Timeriders (book, Alex Scarrow, 2009)
From SFX 193.
THREE STARS
Alex Scarrow/Puffin/401 pages/£6.99
ISBN: 978-0141-32692-4
Fast-paced kids adventure wonders what would have happened had Hitler won the war.
Timeriders is thriller writer Alex Scarrow’s first crack at a kids book, and the plot is YA straightforward: three kids from differing parts of history are snatched from their impending deaths and recruited to be time agents, setting to rights wrongs inflicted on the timeline. In their first mission, Hitler gets help from the future and wins WWII.

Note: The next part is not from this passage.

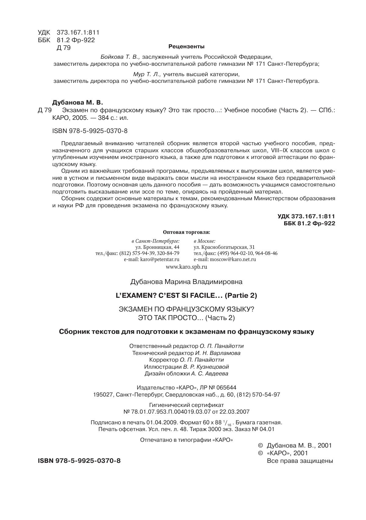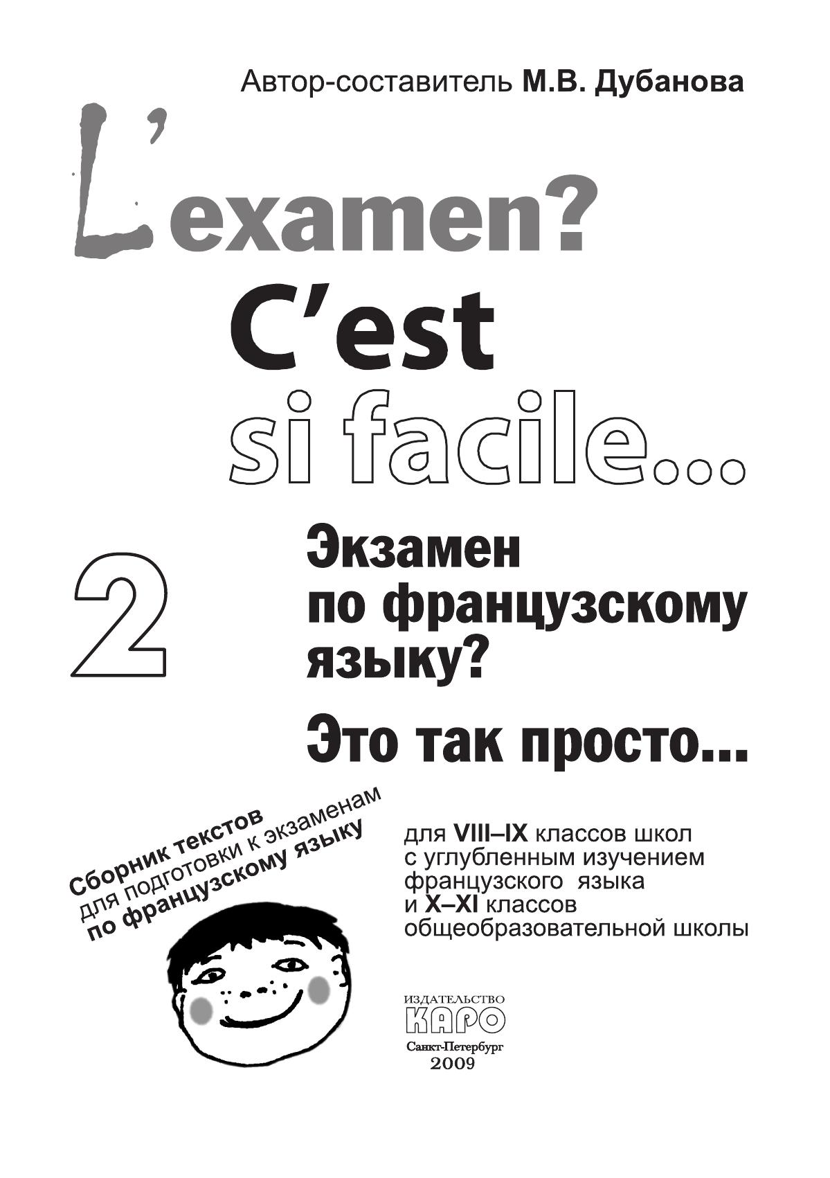 Предлагаемый вниманию читателей сборник является второй частью учебного пособия, предназначенного для учащихся старших классов общеобразовательных школ, VIII–IX классов школ с углубленным изучением иностранного языка, а также для подготовки к итоговой аттестации по французскому языку.

With its sympathetic characters, varied timelines and quick action Timeriders manages to be a page turner, but only just. Much of it feels plundered from elsewhere, a habit Scarrow cheekily admits to in his prose. The whole set up’s monumentally illogical, its paradoxes and just why in the heck you’d recruit kids to watch over history going unexplained, when both elements could have been turned into smart twists. A further trick is missed in that the times the kids come from are just numbers, there’s no real difference to their social attitudes – Titanic ship’s steward Liam feeling particularly anachronistic.
Naturally, Scarrow’s just using time travel as a vehicle for a ripping yarn, and that’s fair enough, but it’s an approach that lacks any significant depth.
Did you know?
Scarrow’s brother Simon is also a novelist, specialising in historical war adventures in the Imperial Roman and Napoleonic periods.